When is a will “executed”?
Posted Saturday, August 6, 2016 by John S. Palmer
The case law regarding defectively-executed wills reminds me of the old George Carlin routine, in which he talked about presenting the parish priest with increasingly outlandish hypothetical questions. What if you fail to attend Mass on Sunday, for example, but then cross the international date line, and it is Sunday again?
In a similar vein, what if a testator signs a will with one witness present, then signs a similar will a short while later with a different witness present. Can the two documents be combined to satisfy the two-witness requirement? The answer is no, according to a case decided last year.
What if a testator signs a will in Arizona with two witnesses present, but only one of them signs it that time and the second witness signs it in Washington State after the testator’s death? That will is also invalid, according to a recent decision by the Washington Court of Appeals.
The facts of the case (In the Matter of the Estate of Bert W. Hook, decided May 9, 2016), are somewhat sad: after undergoing heart surgery in 2011, 77-year old Bert Hook, who lived in eastern Washington, went to stay with his only brother Jerry in western Washington. Within a few days Bert called James Atkinson, a long-time friend in Arizona, to come and get him. In January 2012, Bert prepared a will in which he left his estate to several people, including Jerry Hook, James Atkinson, and Anna Levitte. In February 2012 both Bert and a notary signed the will; Levitte was present but did not sign the will at that time. Five days later, Bert committed suicide.
Jerry Hook obtained an order in Washington admitting Bert’s 1988 will to probate; that will left Bert’s entire estate to Jerry. Meanwhile, Atkinson and Levitte gave the 2012 will to Bert’s attorney in Spokane, who discovered that while both Washington and Arizona law require a will to be signed by two witnesses, Arizona permits the witnesses to sign it “within a reasonable time.” Levitte came to Spokane and signed the will in late March 2012, about five weeks after Bert’s death. Atkinson then tried to get courts in both Washington and Arizona to accept it.
The Arizona case was eventually dismissed. The Washington superior court ruled that the 2012 will was “executed” in Washington, not Arizona, and therefore had to comply with Washington law, which requires the witnesses to sign in the presence of the testator. Atkinson appealed.
The Court of Appeals noted that Arizona law permits a witness to sign a will after the testator’s death, and therefore the 2012 will could potentially be valid under a provision of RCW 11.12.020 stating Washington courts recognize wills that are “executed in the mode prescribed by the law of the place where executed.” However, with respect to Bert’s will the court ruled that “executed” means more than just “signed by the testator”:
The trial court concluded that the execution of a document means completing all of the steps necessary to make the document a legal instrument. By this reasoning, a will is not “executed” until the occurrence of the last formal act necessary to make the will valid. We agree and hold that the meaning of the word “executed” in RCW 11.12.020 comprises the acts of the witnesses as well as the act of the testator.
The court then concluded that Bert’s will had to comply with Washington law because it was executed here:
The trial court reasoned that while “significant acts toward the execution” of the Atkinson will occurred in Arizona, it “only became an executed document when Ms. Levitte signed it and she signed it in Washington.” We affirm the trial court’s reasoning. Because Arizona was not the “place where executed,” RCW 11.12.020(1), the proviso in the statute for foreign wills does not apply. The Atkinson will is a Washington will, not a foreign will. As a Washington will, it is invalid. There is no second witness who attested to the Atkinson will while in the presence of Bert Hook and at his direction or request. The Atkinson will cannot be admitted to probate in Washington either as a foreign will or as a Washington will.

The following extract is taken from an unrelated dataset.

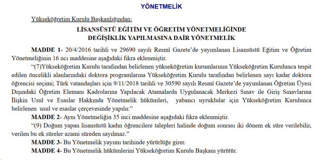 DOĞUM YAPAN LİSANSÜSTÜ ÖĞRENCİLERİNE 2 DÖNEM EK SÜREYönetmelikte yapılan bir diğer değişiklikle, doğum yapan kadın lisansüstü öğrencilere yeni bir hak tanındı. Talep etmeleri halinde doğum sonrası iki dönem ek süre verilecek ve bu ek süreler, lisansüstü eğitimdeki azami süre hesabına dahil edilmeyecek.

The Court of Appeals also rejected Atkinson’s argument that Estate of Elliot, a 1945 case decided by the Washington Supreme Court, required upholding the 2012 will. Although the Elliot decision does state that statutes “should not be construed so as to defeat the will of the testator, unless such construction be absolutely required.” The Court of Appeals said the Eliot court qualified this by adding that the “instrument must, of course, first be admitted to probate”, which requires that the instrument be validly executed.
James Atkinson has filed a petition for review with the Washington Supreme Court, which has not yet decided whether to accept the case.